Copy out every line of the data that has the word "black" somewhere in it.

▸ **Supplied entries**
◆ ◆ ◆ ◆
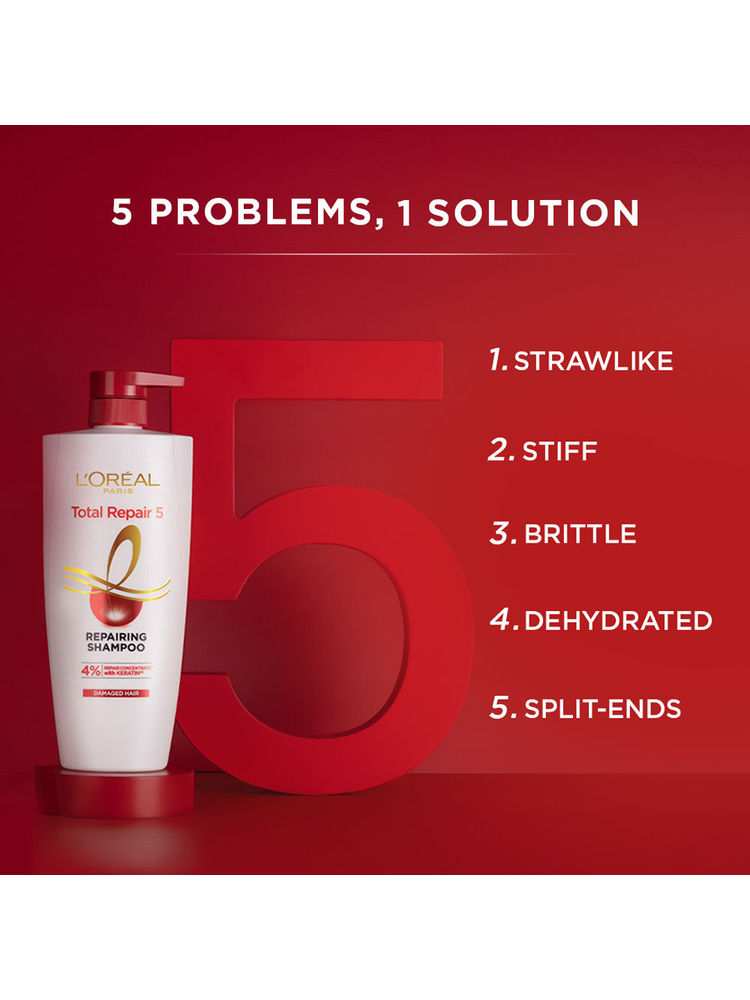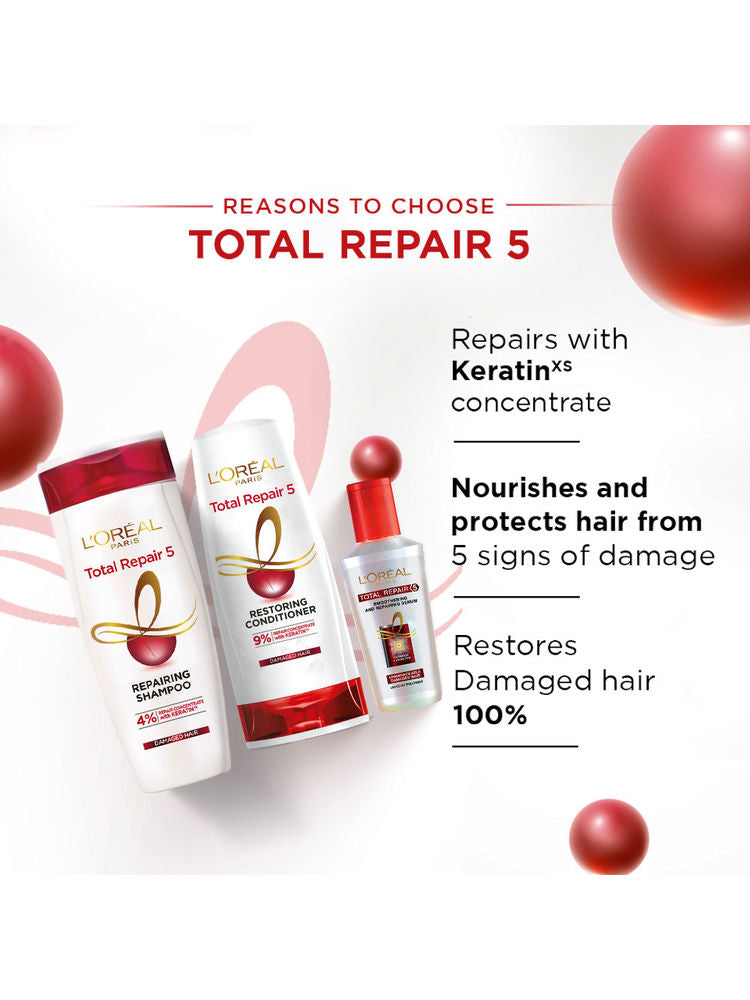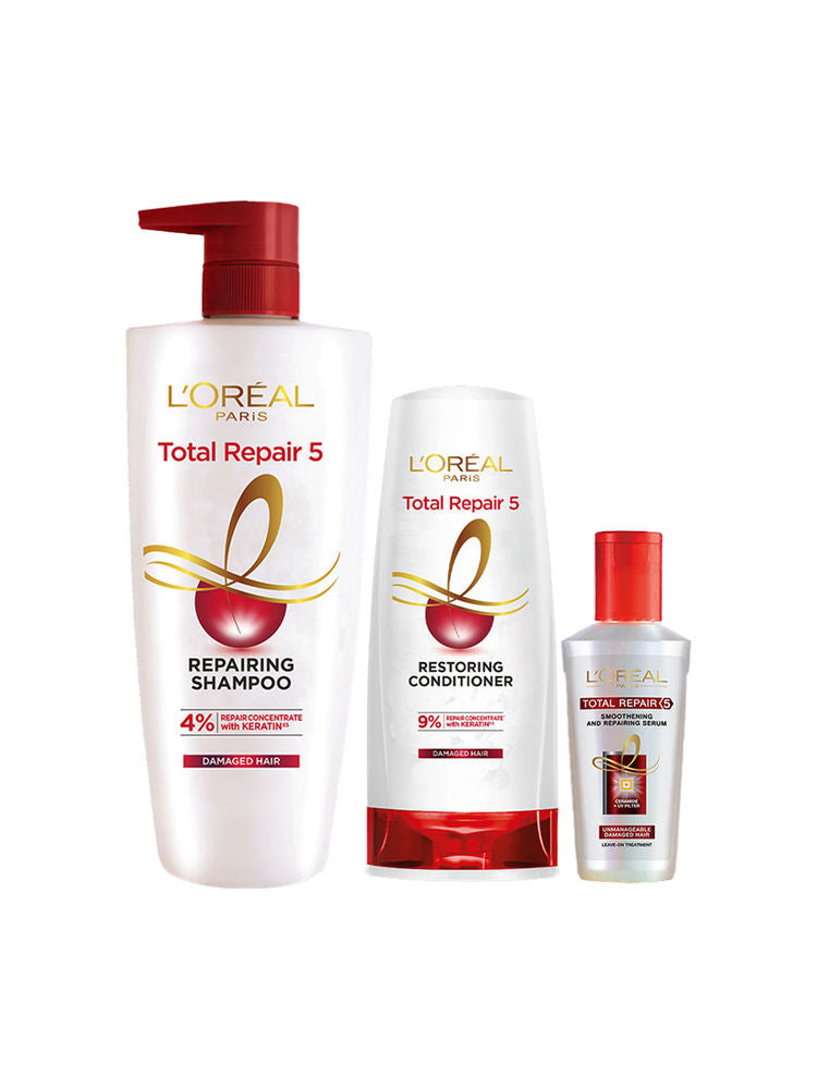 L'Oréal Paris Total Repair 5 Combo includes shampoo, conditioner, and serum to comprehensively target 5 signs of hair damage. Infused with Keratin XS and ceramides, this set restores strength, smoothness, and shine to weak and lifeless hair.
◆ ◆ ◆ ◆
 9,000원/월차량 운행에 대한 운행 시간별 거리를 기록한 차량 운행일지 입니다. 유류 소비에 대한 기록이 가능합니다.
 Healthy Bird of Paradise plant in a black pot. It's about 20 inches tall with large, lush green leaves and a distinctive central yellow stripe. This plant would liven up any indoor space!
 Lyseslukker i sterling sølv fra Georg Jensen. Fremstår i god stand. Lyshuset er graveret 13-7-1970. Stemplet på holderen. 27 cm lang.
◆ ◆ ◆ ◆
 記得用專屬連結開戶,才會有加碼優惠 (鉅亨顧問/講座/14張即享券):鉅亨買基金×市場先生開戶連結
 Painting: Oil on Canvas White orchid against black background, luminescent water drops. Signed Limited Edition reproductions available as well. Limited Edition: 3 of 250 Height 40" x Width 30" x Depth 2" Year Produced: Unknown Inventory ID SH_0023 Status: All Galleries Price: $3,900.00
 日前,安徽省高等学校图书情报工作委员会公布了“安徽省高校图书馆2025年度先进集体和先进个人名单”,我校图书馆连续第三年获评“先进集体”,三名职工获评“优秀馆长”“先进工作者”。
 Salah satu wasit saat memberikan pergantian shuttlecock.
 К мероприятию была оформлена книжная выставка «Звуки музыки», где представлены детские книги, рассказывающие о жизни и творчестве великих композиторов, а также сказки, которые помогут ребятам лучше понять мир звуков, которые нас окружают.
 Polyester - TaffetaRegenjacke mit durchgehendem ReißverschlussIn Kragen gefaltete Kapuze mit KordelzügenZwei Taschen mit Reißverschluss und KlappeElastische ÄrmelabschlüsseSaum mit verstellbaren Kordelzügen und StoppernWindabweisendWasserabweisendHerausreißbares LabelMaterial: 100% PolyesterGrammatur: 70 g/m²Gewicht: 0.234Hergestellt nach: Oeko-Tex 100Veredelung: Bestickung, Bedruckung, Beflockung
◆ ◆ ◆ ◆
▸ **Solution**
 Healthy Bird of Paradise plant in a black pot. It's about 20 inches tall with large, lush green leaves and a distinctive central yellow stripe. This plant would liven up any indoor space!
 Painting: Oil on Canvas White orchid against black background, luminescent water drops. Signed Limited Edition reproductions available as well. Limited Edition: 3 of 250 Height 40" x Width 30" x Depth 2" Year Produced: Unknown Inventory ID SH_0023 Status: All Galleries Price: $3,900.00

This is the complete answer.